Background: Working through different techniques to retrieve remote directory information over FTP within PowerShell.

The script below seems to be a popular way of retrieving remote directory details using the 'off-the-shelf' FTP ListDirectoryDetails available in PowerShell. (link1, link2, link3) and it works well.
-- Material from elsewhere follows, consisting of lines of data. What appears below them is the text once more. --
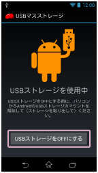 画面に表示されていない場合は、ステータスバーをドラッグして、通知パネルで[USBストレージをOFFにする]をタップしてください。
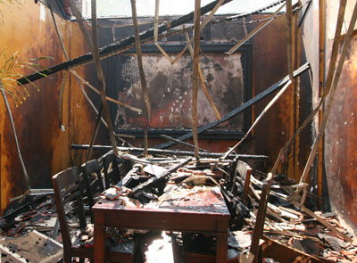 Các tấm cửa kính nhà bà Hằng gần như bị vỡ hoàn toàn, trần và vách nhà bên trong ốp bằng nhựa cùng màn cửa bị cháy rụi. Các thiết bị tivi, tủ lạnh, máy tính, nồi cơm điện, điện thoại bàn … đều bị cháy.
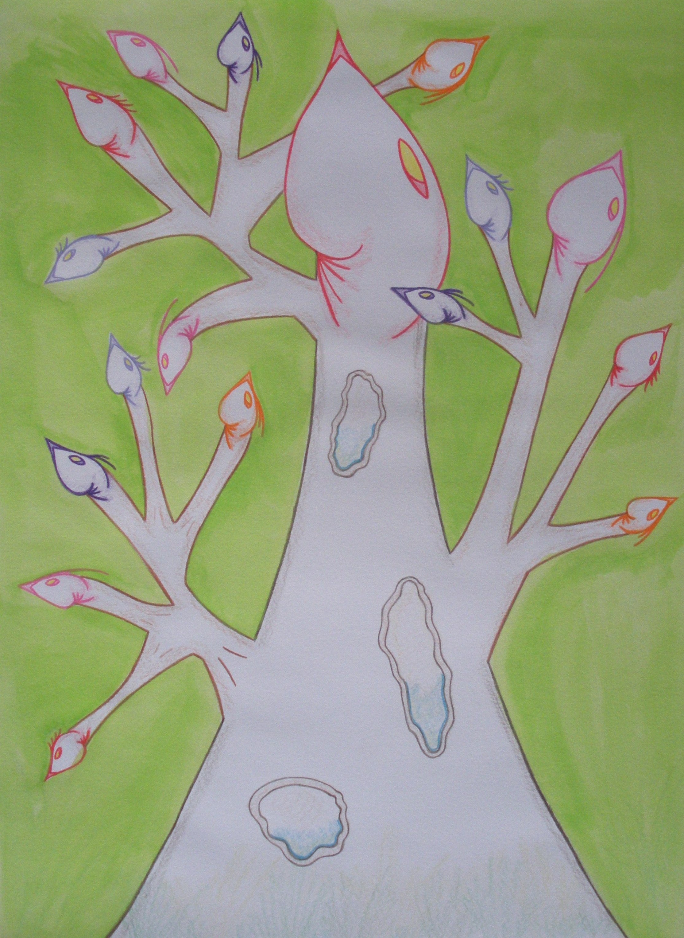 Ik werk intuïtief en maak wat mijn handen en gevoel me ingeven. Dat varieert van tekeningen, schilderijen, leemwerken, textielart, papiermache of gecombineerde technieken. Bij mijn werken zet ik veelal de materiaalkosten en laat het aan de koper over wat hij of zij hiervoor over heeft.
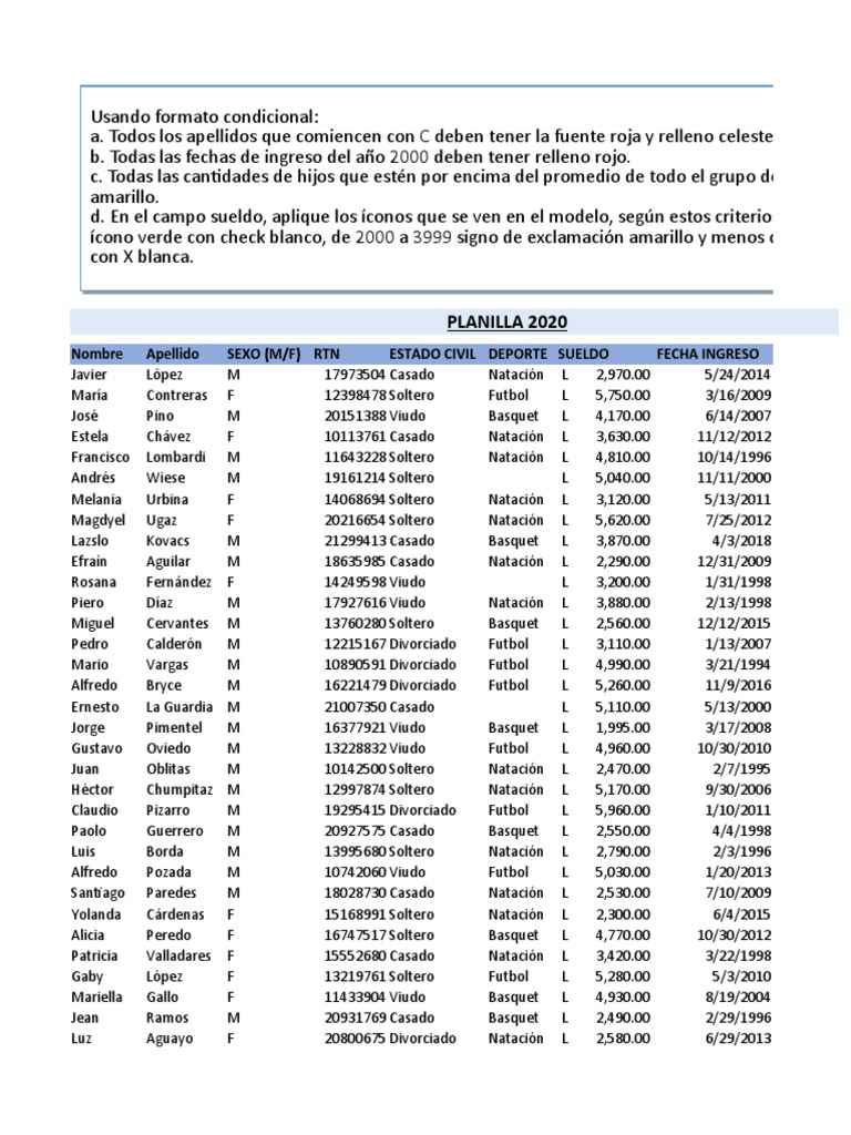 Nombre Apellido SEXO (M/F) RTN ESTADO CIVIL DEPORTE SUELDO FECHA INGRESO
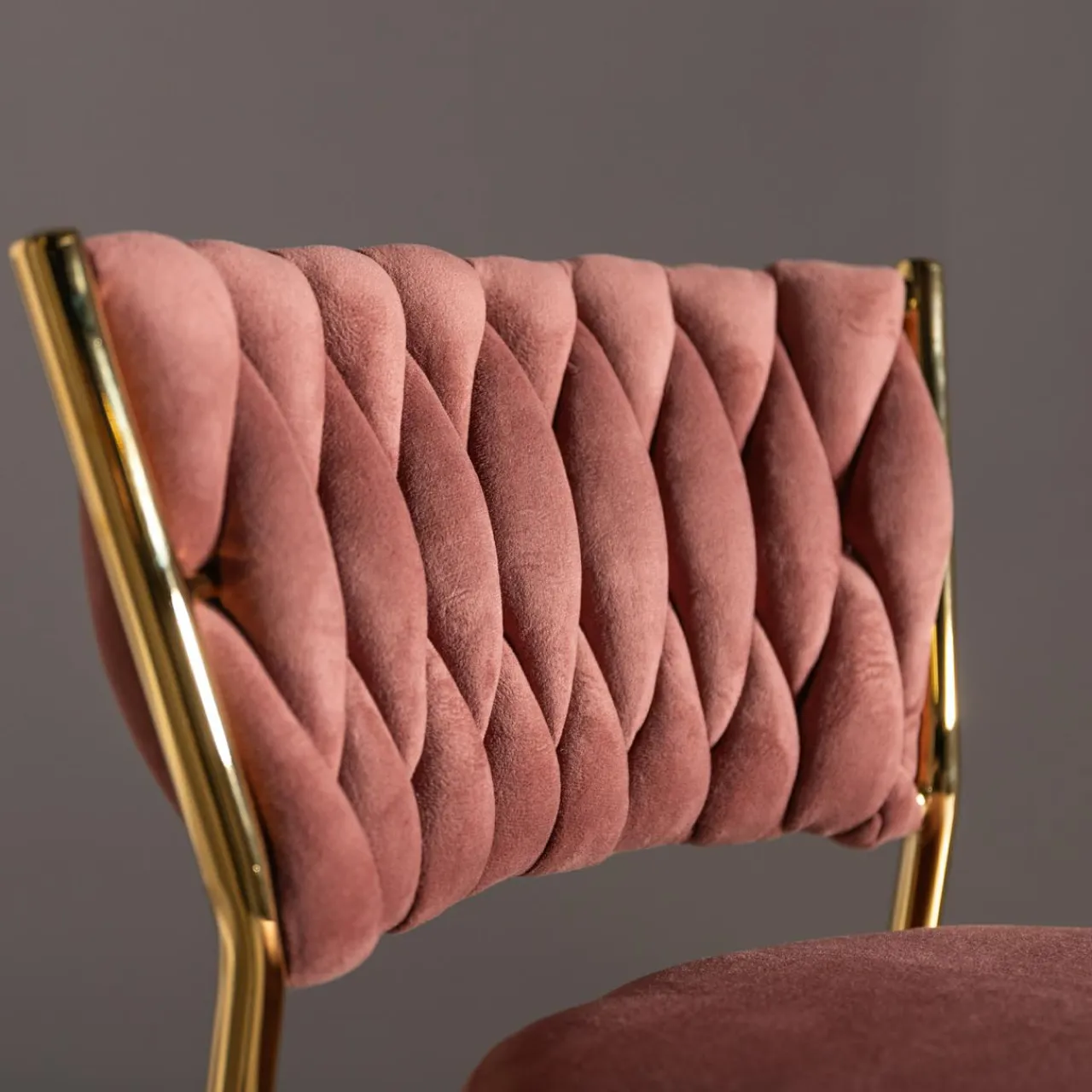 Ozdobna plecionka na oparciu będzie mocnym, ciekawym akcentem we wnętrzu. W połączeniu ze złotymi metalowymi nogami stworzy kompozycję, która będzie wizytówką Twojego domu.
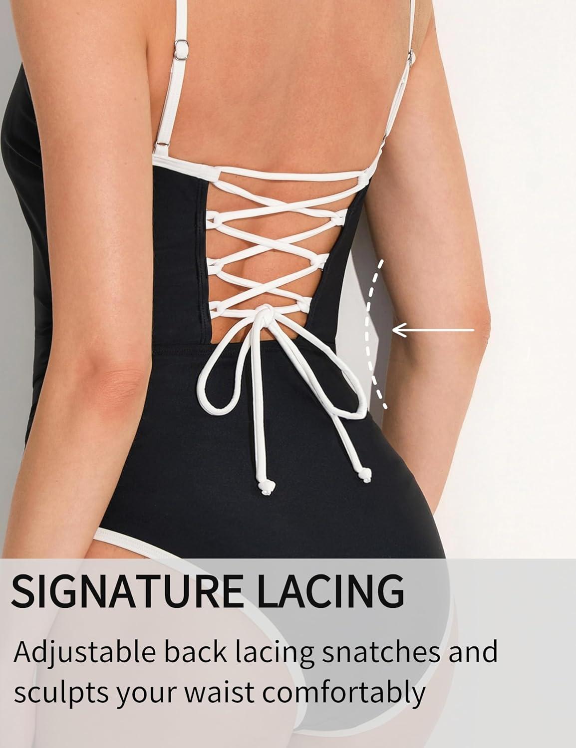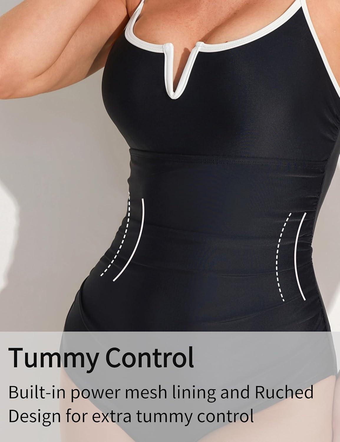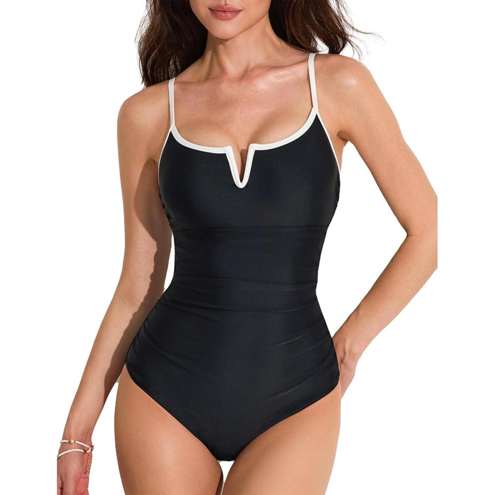 AJISAI Women One Piece Tummy Control Swimsuit Slimming Ruched Backless Bathing Suit Padded Swimwear(Black White V-neck)
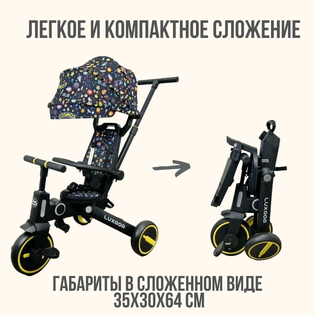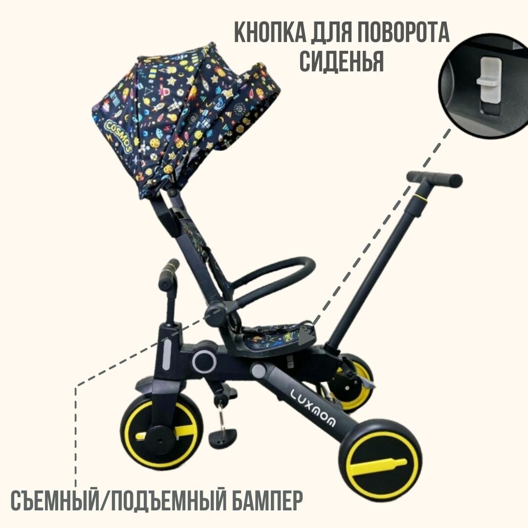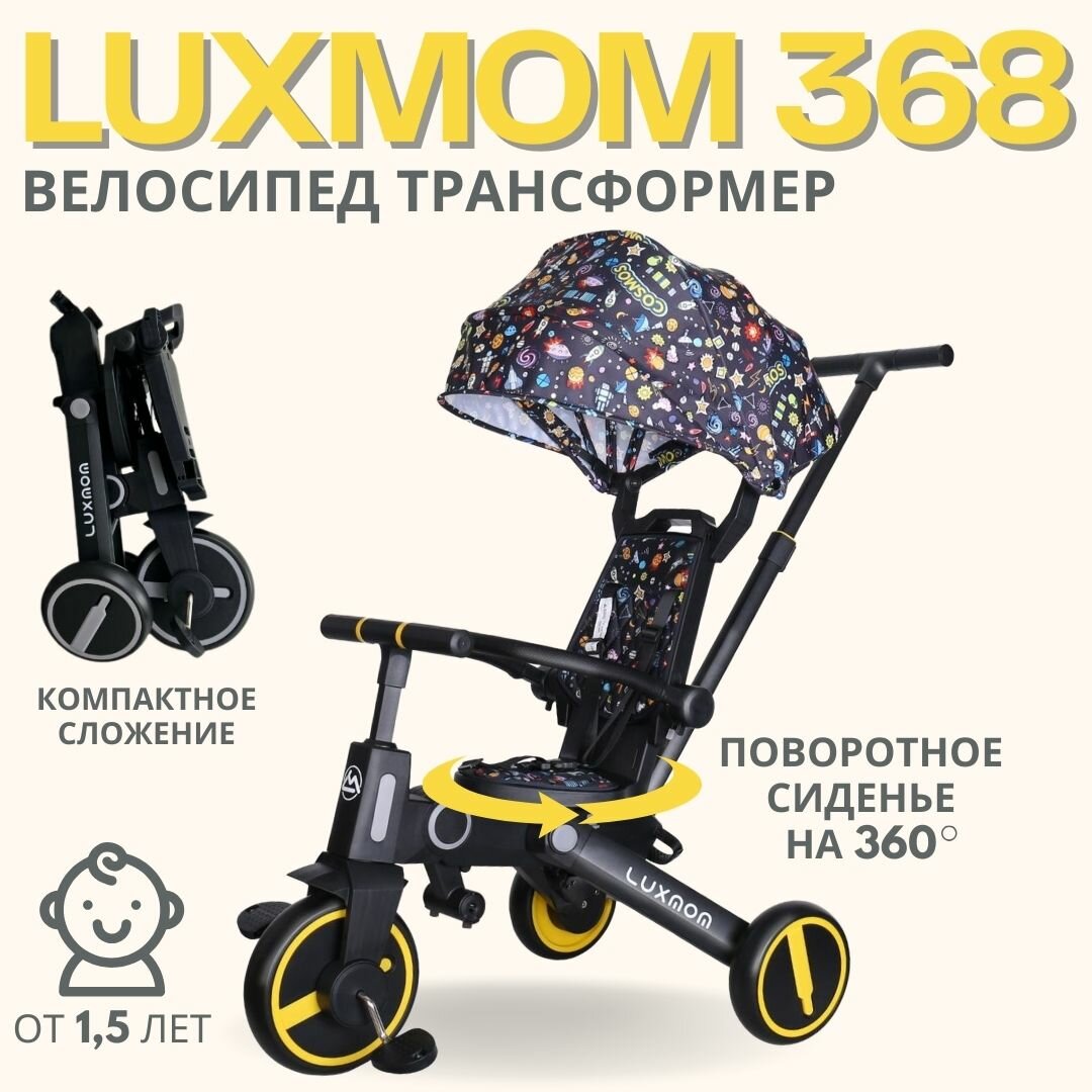 Трехколесный велосипед LUXMOM ORIGINAL 368 складной, поворот сидения, желтый
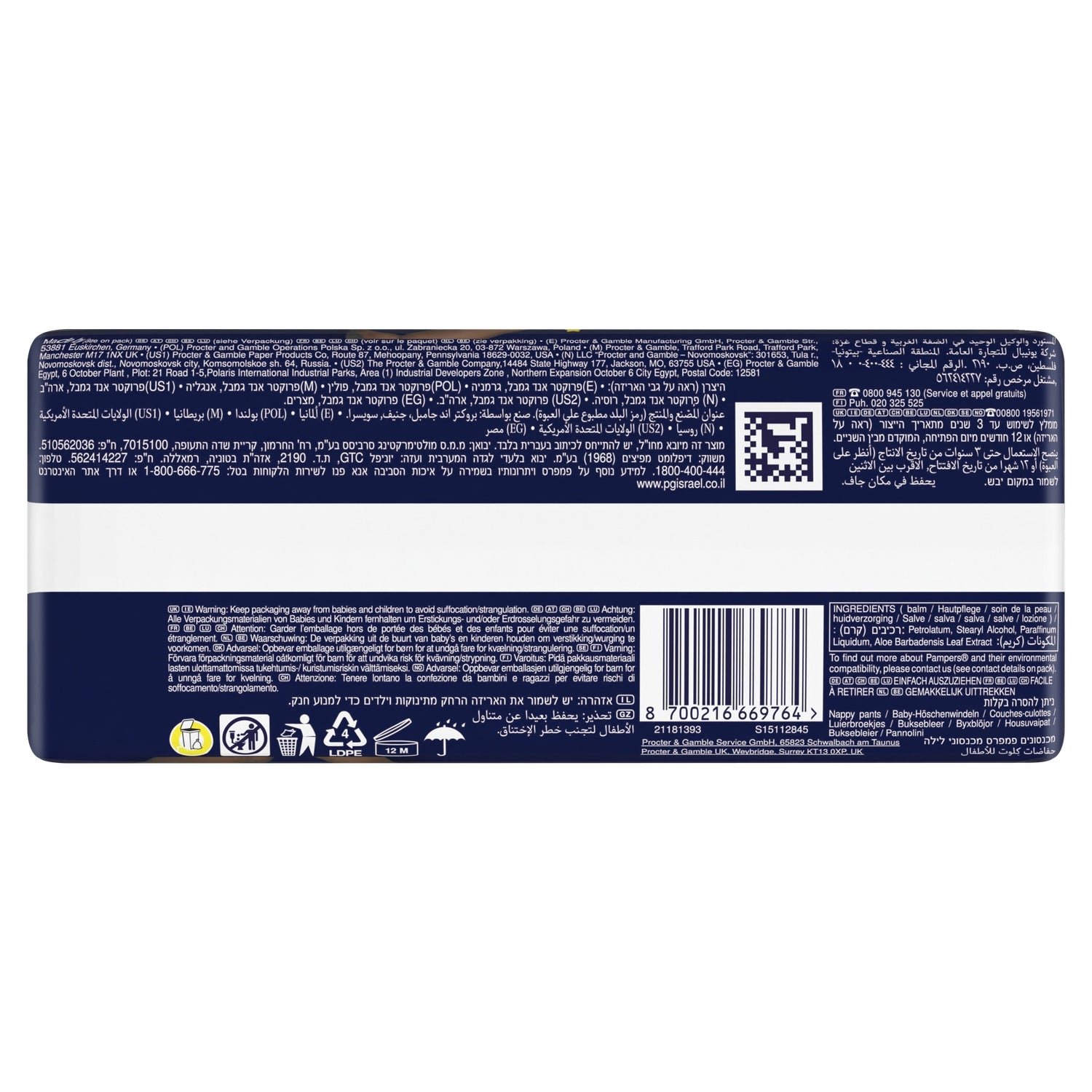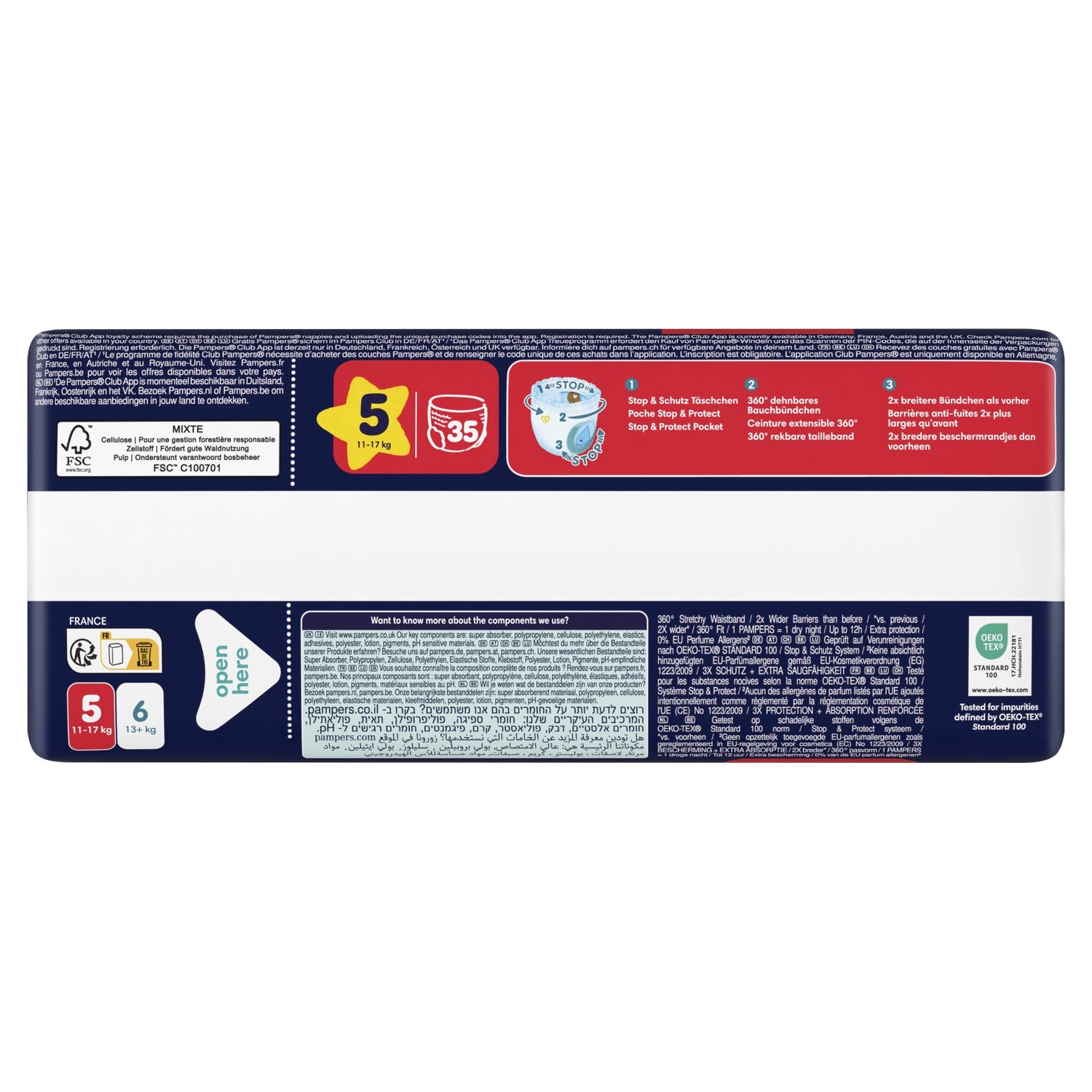 Offrez à votre bébé la meilleure protection Pampers pour la nuit avec les couches-culottes Pampers Night Pants : grâce à leur cœur absorbant elles sont le produit Pampers le plus absorbant pour une nuit jusqu'à 100% sans fuites. Elles sont également dotées d'une ceinture 360° qui s'adapte aux mouvements de votre bébé dans la nuit et d'une poche Stop & Protect qui aide à éviter les fuites à l'arrière de la couche-culotte. Comme toutes nos couches-culottes, les Pampers Night Pants sont faciles à changer : faciles à enfiler en un seul geste, faciles à retirer en déchirant les côtés, et faciles à jeter en les enroulant grâce à la bande adhésive. Comme pour vous, la sécurité de votre bébé est notre priorité : Les couches-culottes Pampers Night Pants sont approuvées dermatologiquement et contiennent 0% d'allergènes de parfum listés par l'UE (comme réglementé par la réglementation cosmétique de l'UE N° 1223/2009). Elles sont testées et certifiées Standard 100 par OEKO-TEX. Vous souhaitez en savoir plus sur la composition de nos produits ? Visitez pampers.fr
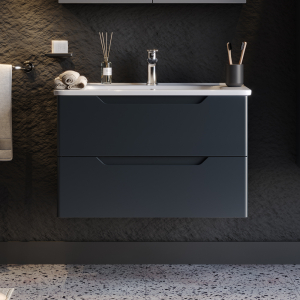 Έπιπλο μπάνιου επιτοίχιος πάγκος της MARTIN σειρά PERLA χρώματος Anthracite 80cm Λάκα MDF 18mm
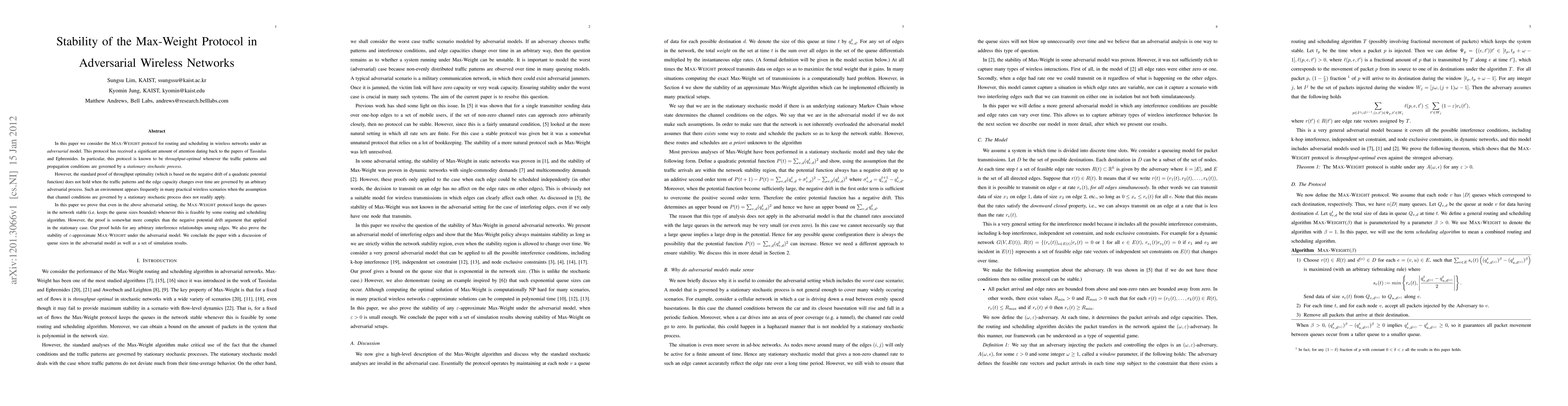 This paper investigates the stability of the Max-Weight protocol in adversarial wireless networks, demonstrating that it maintains queue stability even when traffic patterns and edge capacities are subject to arbitrary adversarial changes. The paper provides a more complex proof compared to the stationary case, ensuring stability under any interference relationships.
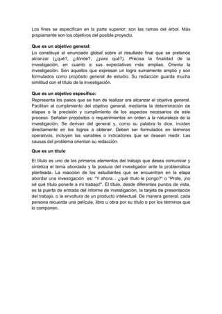 El documento explica qué son los objetivos de una investigación. Los objetivos identifican claramente lo que se pretende lograr y consisten en un objetivo general amplio y objetivos específicos más detallados. También describe los tipos de intereses que pueden motivar una investigación, como intereses personales e institucionales. Explica que un objetivo general enuncia el resultado final buscado, mientras que los objetivos específicos señalan las etapas necesarias para alcanzarlo. Además, brinda detalles sobre cómo analizar los objetivos y define qué
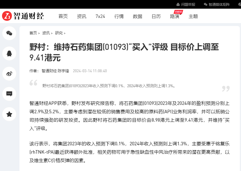 野村:維持石藥集團(01093)“買入”評級 目標價上調至9.41港元

$server = "ftp://servername"
$ftp = [system.net.ftpwebrequest] [system.net.webrequest]::create($server)
$ftp.method = [system.net.WebRequestMethods+ftp]::listdirectorydetails
$response = $ftp.getresponse()
$stream = $response.getresponsestream()

  $buffer = new-object System.Byte[] 1024 
  $encoding = new-object System.Text.AsciiEncoding 

  $outputBuffer = "" 
  $foundMore = $false 

  ## Read all the data available from the stream, writing it to the 
  ## output buffer when done. 
  do 
  { 
    ## Allow data to buffer for a bit 
    start-sleep -m 1000 

    ## Read what data is available 
    $foundmore = $false 
    $stream.ReadTimeout = 1000 

    do 
    { 
      try 
      { 
        $read = $stream.Read($buffer, 0, 1024) 

        if($read -gt 0) 
        { 
          $foundmore = $true 
          $outputBuffer += ($encoding.GetString($buffer, 0, $read)) 
        } 
      } catch { $foundMore = $false; $read = 0 } 
    } while($read -gt 0) 
  } while($foundmore) 

  $outputBuffer 

As the do loop starts, a delay is set. When multiple folders are being retrieved, the delay is multiplied by the number of folders. So the shorter the delay, the faster the download. I dropped it to 100, a ten-fold improvement and it worked fine. But not being a guru in these things, I don't really understand the need for the delay, nor the consequences for having insufficient delay.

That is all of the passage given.